The works on display are made using a camera-less technique allowing the artist to create a photographic image without the use of a camera. Photograms are images of an object in contact with a light-sensitive surface exposed to strong direct light. The object, in this case the artist’s body in motion, blocks the light and appears as a white shape on a black background. The peculiarity of this technique, extensively used by pioneers and masters of photography, encodes the uniqueness of the pieces, given the absence of physical or digital negatives and the impossibility of reproducing time, space, the exact gesture and light of the moment in which the image has been generated.
The uniqueness inherent to this technique - and to the randomness that derives from it – is even enhanced by the artist by the use of acid of photographic development as a personal chemical stamp on the processed photograms.

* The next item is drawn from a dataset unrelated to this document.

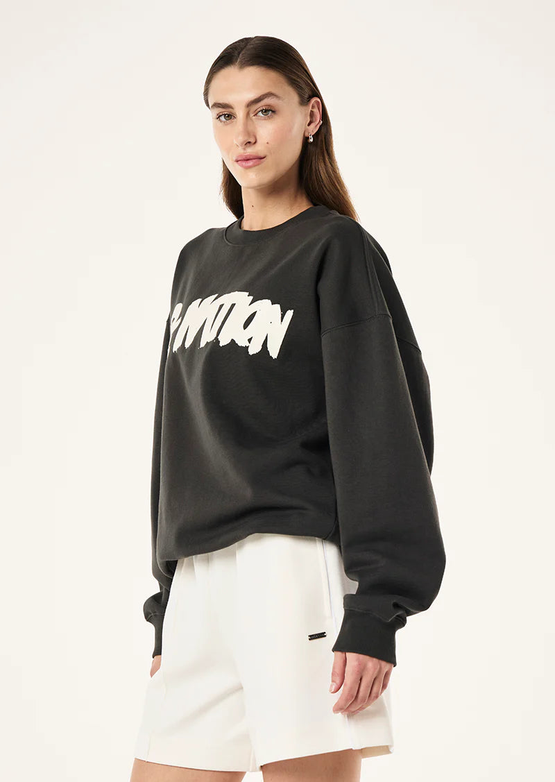 The Frontline Sweat in Asphalt is an oversized fit crew neck sweater is designed in our luxe 100% organic cotton peach fleece and features a custom P.E Nation graphic print at centre front. For the complete set, style this sweat with shorts or your favourite P.E Legging.

This technique allows Kaisershot to analyse body expressivity in form of images, showing her interest into the body and movement. Body awareness and communication through the movement are vital expressive elements for the artist, since she considers the very consciousness of living is based on a permanent bodily experience, a constant movement in constant evolution.
The artist began to explore this technique while collaborating in the experimental project Die Frau von Nebenan (Munich, 2010), based on the movie La femme d'à côté by François Truffaut dealing with the ideal and fictitious image of the unknown (video on display during the exhibition). From that moment on, the artist continued exploring the theme of ??an ideal projection of the unknown, and found in the camera-less technique a key to her personal experimentation on inward and outward gazes, the visible and the invisible and the concept of ambiguity.
The exposed pictures represent the result of a technical and conceptual experiment on fictitious images, the ambiguity of the forms, the presence and the absence, the desire, the voyeurism, the humour and the paranoia derived from imagery. We invite the visitors to take part to the artistic process and research that takes place in the mysterious and dark space of the photographic laboratory, today reproduced at the gallery.